Gastric Survival: The Exception to the Rule
The foundational rule of clinical peptide therapy is that oral administration is ineffective because stomach acid and digestive enzymes break down amino acid chains before they can reach the bloodstream. BPC-157 is the rare exception.
BPC-157 (Body Protection Compound-157) was originally discovered in human gastric juice. It evolved specifically to operate within the extreme acidity of the stomach (pH 1.5–3.5) to protect the mucosal lining and heal ulcers. Because of this unique gastric origin, the peptide is highly stable in acidic environments and resists immediate enzymatic degradation.
The Bioavailability Dilemma
While oral BPC-157 survives the stomach, its systemic bioavailability—how much actually enters the bloodstream to treat peripheral tissues—remains a subject of intense clinical debate.
Animal models demonstrate that oral BPC-157 concentrates heavily in the gastrointestinal tract. However, its molecular weight and polarity make passive diffusion across the intestinal wall into systemic circulation highly inefficient. Estimates suggest that oral systemic bioavailability may be as low as 1% to 5%.
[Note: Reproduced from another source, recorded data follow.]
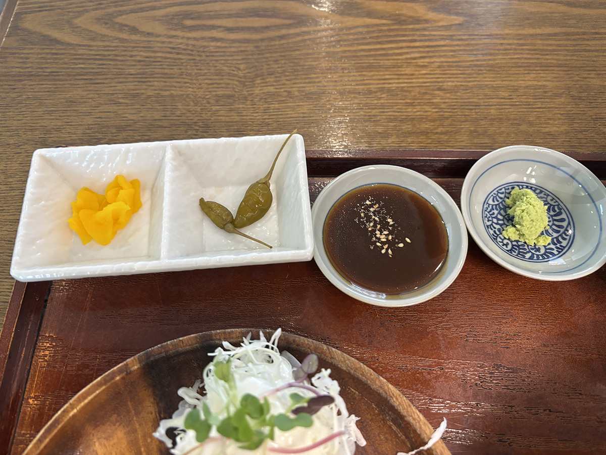 반찬으로는 단무지, 할라피뇨, 돈가스 소스, 와사비, 계란 후라이가 올려진 밥이 나온다
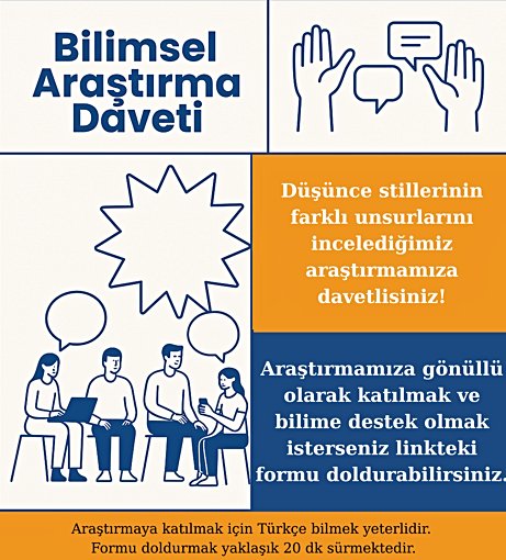 Düşünce stillerinin farklı unsurlarını incelediğimiz araştırma için gönüllü katılımcılar arıyoruz.
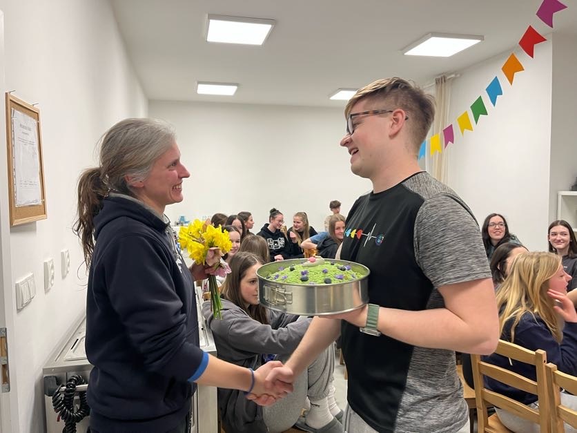 V neděli nás čekala tradiční mše svatá, tentokrát v místním kostele. Po návratu nás potěšilo milé překvapení v podobě přípitku, kterým jsme oslavili dokončení první poloviny kurzu.
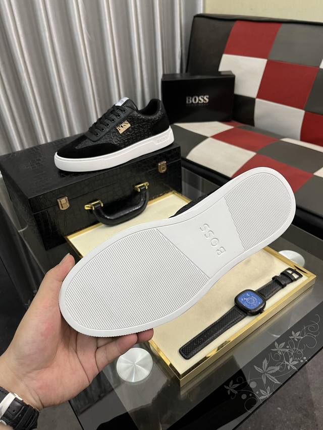 / 出厂价pp Boos 男鞋休闲鞋原单品质鞋面采用进口小牛皮 超透气舒适内里做工精细 高端大气 有时尚典范造型 发泡透明耐磨大底 穿着舒适 值得拥有 码数 38
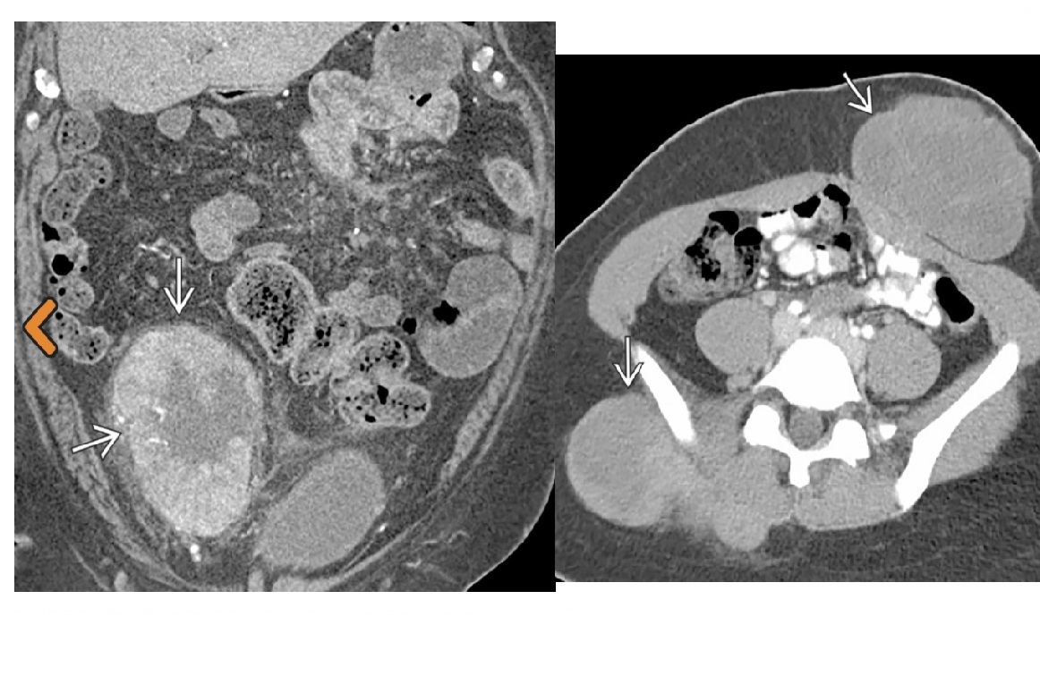 Small bowel mesentery or abdominal wall mass arising at site of scarring from prior surgery

Conversely, subcutaneous injection bypasses the GI tract entirely, delivering nearly 100% of the peptide into the systemic circulation where it can be rapidly transported to injured connective tissues.

Target-Specific Administration Routes
When to use Oral BPC-157: Oral administration is indicated exclusively for gastrointestinal pathologies. If the goal is healing gastric ulcers, managing leaky gut syndrome (intestinal permeability), mitigating NSAID-induced gut damage, or addressing inflammatory bowel conditions like Crohn’s or Ulcerative Colitis, oral dosing places the peptide precisely where it is needed. Typical dosing is 250-500 mcg daily in capsule form.
When to use Injectable BPC-157: For everything else, subcutaneous injection is mandatory. If the goal is repairing a torn rotator cuff, accelerating post-surgical recovery, healing patellar tendinopathy, mitigating systemic inflammation, or neuroprotection, the tissue demands high systemic concentrations that oral delivery cannot provide. Standard protocol is 250-500 mcg subcutaneously, injected close to the site of injury if possible, 1-2 times daily.

Clinical Strategy
Do not substitute oral BPC-157 for musculoskeletal injuries simply to avoid using a needle; doing so wastes time and capital for a sub-therapeutic systemic response. Ensure the delivery route matches the tissue target. In severe, complex cases involving both systemic inflammation and severe gut permeability, advanced protocols may deploy both routes concurrently.